I leaned against the wall of the camper, my arms folded across my chest, thinking Father could have asked me to settle Ahmed. So what if I didn’t
know how? He could have asked me instead of asking these strangers.

Iago asked me, “This your first time at the Fair?”

I nodded.

“We come every year,” he said. “Our mama has a tacos stand.” He pointed in a general direction. “They keep all the food stands together away from the animals. Mama’s stand is called
Rosita’s.
That’s our mama’s name. Our mama makes the best tacos at the Fair.”

The littler one, Jesus, kept nodding the whole time the other was talking.

“Since you guys are going to close up shop, I’m going inside. You just put everything away, and I’ll see you around. Okay?”

“You coming over to Rosita’s for supper? Woody always has first night supper at our place. You come, too.”
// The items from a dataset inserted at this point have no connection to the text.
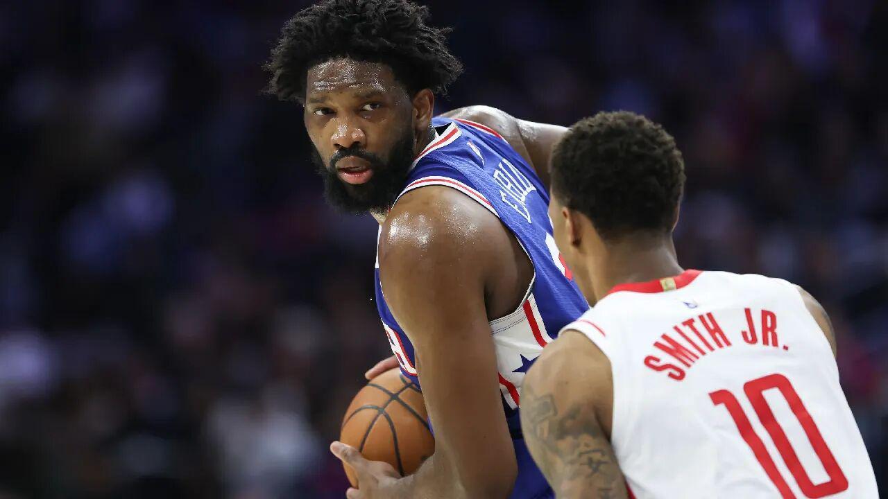 下半场,恩比德的状态依然火热,只要给他机会单打,恩比德就能把球权换成得分,而且这期间恩比德可以说把火箭大个们打了个遍——篮下转身直接顶飞申京、单打芬尼史密斯后仰中投、迎着杜兰特投进三分、背打伊森的轻松上篮。
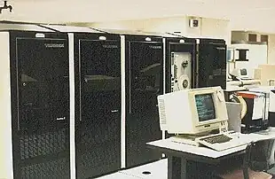In 1986, Tandem introduced a third generation CPU, the NonStop VLX.[14] It had 32-bit datapaths, wider microcode, 12 MHz cycle time, and a peak rate of one instruction per microcycle. It was built from three boards of ECL gate array chips (with TTL pinout). It had a revised Dynabus with speed raised to 20 MB/s per link, 40 MB/s total. Later, FOX II increased the physical diameter of TNS clusters to 4 kilometers.
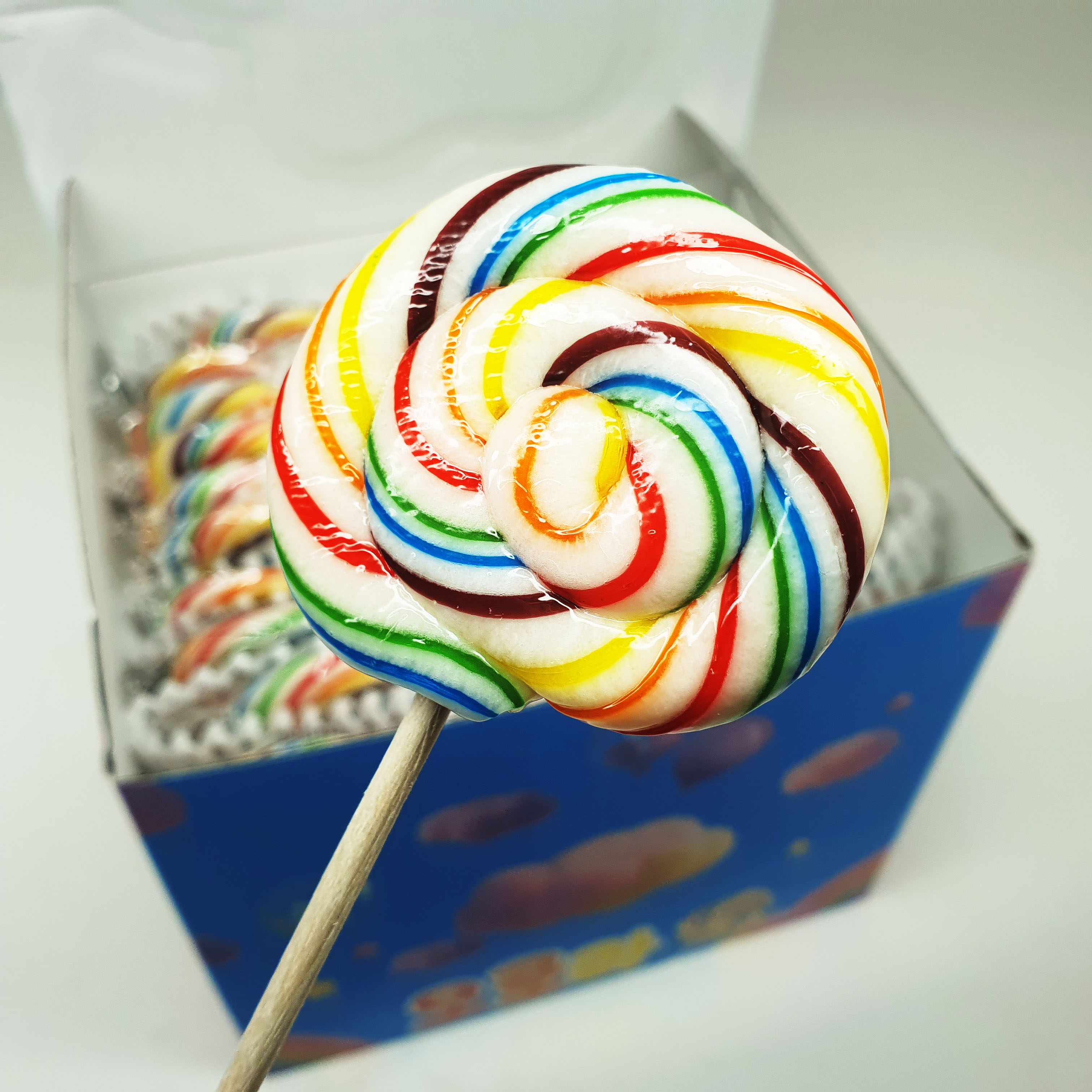 보는 순간 “와, 예쁘다!” 하고 감탄이 절로 나오는 무지개 회오리 사탕이에요.
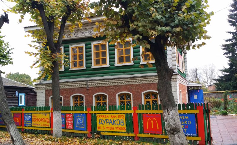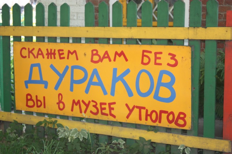 Вернувшись обратно в город, в самый его центр можно посетить 2 рядом расположенных (через дорогу) музея: музей Утюга и Музей Хитрости и смекалки. Их легко найти по шуточным вывескам на заборе.
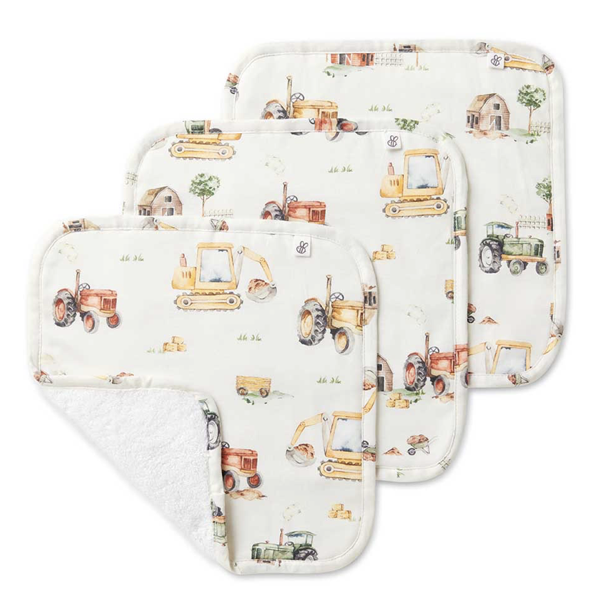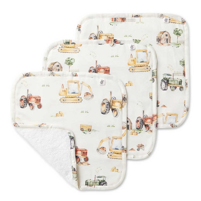 We have designed these unique wash cloths with jersey organic cotton on one side and organic terry towelling on the other side. The jersey side features our exclusive Snuggle Hunny Diggers & Tractors print.
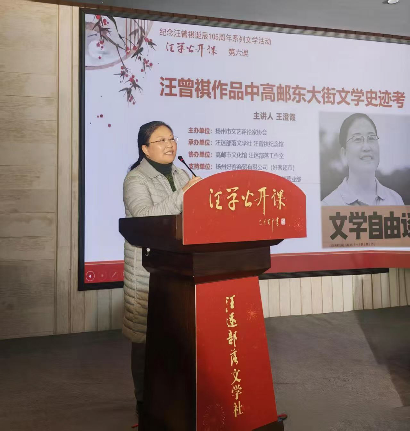 高邮东大街,是汪曾祺童年和青年时代的住处。这里的社会境况和文化氛围,孕育了汪曾祺的精神气质,也是他后期以高邮乡土文化为题材的文学创作的重要来源。因此,深入了解东大街的历史变迁,寻找汪曾祺作品中涉及的文学史迹,可以帮助我们更好地理解汪曾祺作品的精神内涵和文学趣味。12月14日下午,由扬州市文艺评论家协会主办的第六课“汪学公开课”,邀请到扬州大学文学院教授王澄霞,解读高邮东大街的文学史迹。

“I’ll see,” I said, and went into the camper.

Father was lying across my bunk, and I nudged him to ask him about supper. The minute I touched him, I felt that he was burning up. I pulled the blankets from the top bunk and covered him up and went back outside. Manuelo had just returned from leading Ahmed around the paddock. He commanded Ahmed to kneel, and Ahmed did so. He lifted Emmy from the saddle and said to Jesus, “You next.”

I said to Iago, “I’m afraid my father has a fever. I think he’s come down with the same bug I had about a week ago.”

Emmy walked over to us. She reached for my hand and said, “I like the new saddle. Can I ride tomorrow?”

“I don’t know,” I said. “Woody is sick. I don’t know. I just don’t know.”

Iago put his fingers in his mouth and made a whistle that a steam locomotive could have envied. When he did, Manuelo turned Ahmed around and cut across the center strip to make a beeline for us. “What’s the problem?” he asked.

“Woody’s sick.”

Manuelo maneuvered Ahmed back into his kneeling position, and Jesus got off. He said to me, “I’ll put Ahmed in his stall and feed him. I know where the stalls are. Iago, you take the others over to our place and stay with them and send Mama back here. Tell her that Woody’s sick.” Then he looked at me. “Don’t worry, Max. You take care of Woody, and we take care of the rides. I can drive Ahmed as good as Woody can. Woody taught me hisself.” He thought a minute and then added, “Unless you want to run the rides. I’ll try to take care of Woody, but I’d be better at running the rides.”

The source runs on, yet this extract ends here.